Actually it's simpler: Given my hardware, what is the longest query I can run on my system for any performance tier?
I suspect that yi might be the sweet spot. Properly allows queries over a long context in theory, being a high performance model.
Of cause there are also numerous smaller models with long context, but my simple question is, how can we squeeze out the best long context performance out of our hardware?
@KnutJaegersberg Did you ever find this out? I'm thinking of renting an instance on Lambda Cloud to compute the Hessians for CodeLlama 70B so that I can run it on a 24GB card
I did 3 models with quip#, one failed. I've made 2 at the maximum length over which the models were fine tuned, so they should be ok.
Currently I'm making a 2 bit gguf of codellama. It will take the night and tomorrow till noon or so. Uploading will take several hours also. you can get a model tomorrow or the day thereafter, but I don't know about the effects of calibration data on code models. I feel it will likely still work.
Still, if you feel like it, make hessians for code llama. but here is my experience on an aging a6000: It took 5 days or more to make hessians for a 70b model, 2 days for the other steps. It takes a week. On a faster GPU, it might take 4 days or so. That's why I did not make a lot of attempts at quip#. it's way faster if you do it at shorter context lengths, but I'm conservative on this. I don't think even the makers have experimented a lot with different context lenghts, yet. Might be ok.

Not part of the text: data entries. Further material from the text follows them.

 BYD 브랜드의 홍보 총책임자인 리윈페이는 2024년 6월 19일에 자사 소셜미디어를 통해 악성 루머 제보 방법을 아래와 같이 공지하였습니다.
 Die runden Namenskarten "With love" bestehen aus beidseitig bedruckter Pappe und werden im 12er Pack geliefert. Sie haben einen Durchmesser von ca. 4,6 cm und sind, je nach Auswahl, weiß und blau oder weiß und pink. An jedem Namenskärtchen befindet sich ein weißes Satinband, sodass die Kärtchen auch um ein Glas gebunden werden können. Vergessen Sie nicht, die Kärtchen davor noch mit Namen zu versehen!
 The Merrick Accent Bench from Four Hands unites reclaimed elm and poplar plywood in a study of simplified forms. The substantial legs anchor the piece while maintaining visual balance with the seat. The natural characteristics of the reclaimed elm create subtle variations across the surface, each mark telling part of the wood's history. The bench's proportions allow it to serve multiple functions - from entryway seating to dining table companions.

I did 3 models with quip#, one failed. I've made 2 at the maximum length over which the models were fine tuned, so they should be ok.
Currently I'm making a 2 bit gguf of codellama. It will take the night and tomorrow till noon or so. Uploading will take several hours also. you can get a model tomorrow or the day thereafter, but I don't know about the effects of calibration data on code models. I feel it will likely still work.

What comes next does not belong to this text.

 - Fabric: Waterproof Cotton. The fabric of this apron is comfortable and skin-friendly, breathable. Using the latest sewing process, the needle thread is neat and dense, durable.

Still, if you feel like it, make hessians for code llama. but here is my experience on an aging a6000: It took 5 days or more to make hessians for a 70b model, 2 days for the other steps. It takes a week. On a faster GPU, it might take 4 days or so. That's why I did not make a lot of attempts at quip#. it's way faster if you do it at shorter context lengths, but I'm conservative on this. I don't think even the makers have experimented a lot with different context lenghts, yet. Might be ok.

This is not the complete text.